Today’s Readings

As CSS turned 20 years old (almost old enough to drink in most countries!), offers a nice look back, as well as a link to an interview with creator Håkon Wium Lie, and a link to Håkon’s 1994 thesis on CSS!

Pretty slick CL backup tool for Mac: Mackup. Moves all your config files to Dropbox, then creates an alias to them from the original location. restore simply recreates the aliases.

Whole bunch of great SVG links in the latest Smashing Magazine newsletter:

And, this one is funny timing, because I just finished converting all the SVG data-URIs on our company website back to SVG URLs to reduce the CSS file size! :-)

And, as long as we have the can of SVG wide open, let’s have a deeper look into animating SVGs!

does a little DevTools Timeline deep-dive to find that opacity is the cause of his janky scrolling. But way more interesting to me is just watching someone use DevTools to really dig into a performance investigation, and then to find that I am not the only person that has no idea what all those colored bars mean, or how to really make use of them to fix the problem… Whew! :-)

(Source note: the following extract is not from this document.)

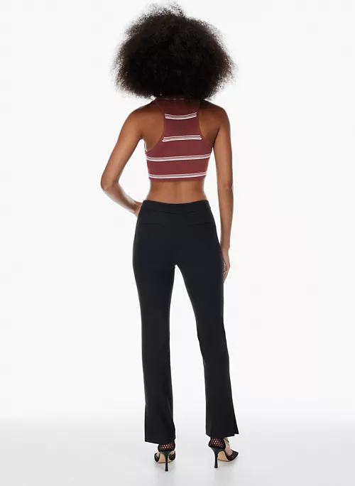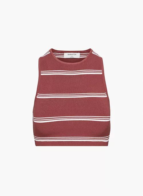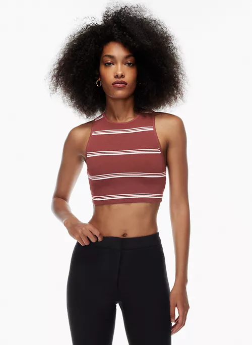 This is a fully fashioned cropped racerback tank. It’s made with Sculpt Knit — Babaton’s signature figure-smoothing yarn. The perfect amount of stretch hugs in the right places to shape and sculpt your form. It’s constructed using an Ottoman stitch with close distinct ribs for a structured and textural feel. This version comes in a yarn-dyed stripe pattern that’s been woven in, as opposed to printed on, for a more dimensional look.

And speaking of CSS performance, here is a nice deep-look into how a browser renders your pages, and what affects your CSS has on rendering the critical path.

jsinspect… is a tool for detecting copy-pasted and structurally similar JavaScript. It also detects boilerplate and repeated logic, so you could use it to extract code into methods or help find dead code.

At first I thought “I already have tons of options for diffing files” but the “detects boilerplate and repeated logic” part is pretty darned useful!

And while we’re at it, why don’t we just “automatically fix linting errors“…

A very thorough and thought-provoking article about website navigtation wayfinding, specifically for mobile, but I think it really applies to all website navigation. This topic has been at the heart of some of my more… animated conversations with project managers… :-/

And speaking of project management, poor project planning has resulted in far more wasted time in my life than I would like to admit. ThoughtPlan seems like a great tool to help collect thoughts and make them usable really fast. “Signup for free!” always makes me nervous, but hey, we all need to pay the rent, and this does look cool. Wonder if it works on mobile, and offline with back-online-syncing…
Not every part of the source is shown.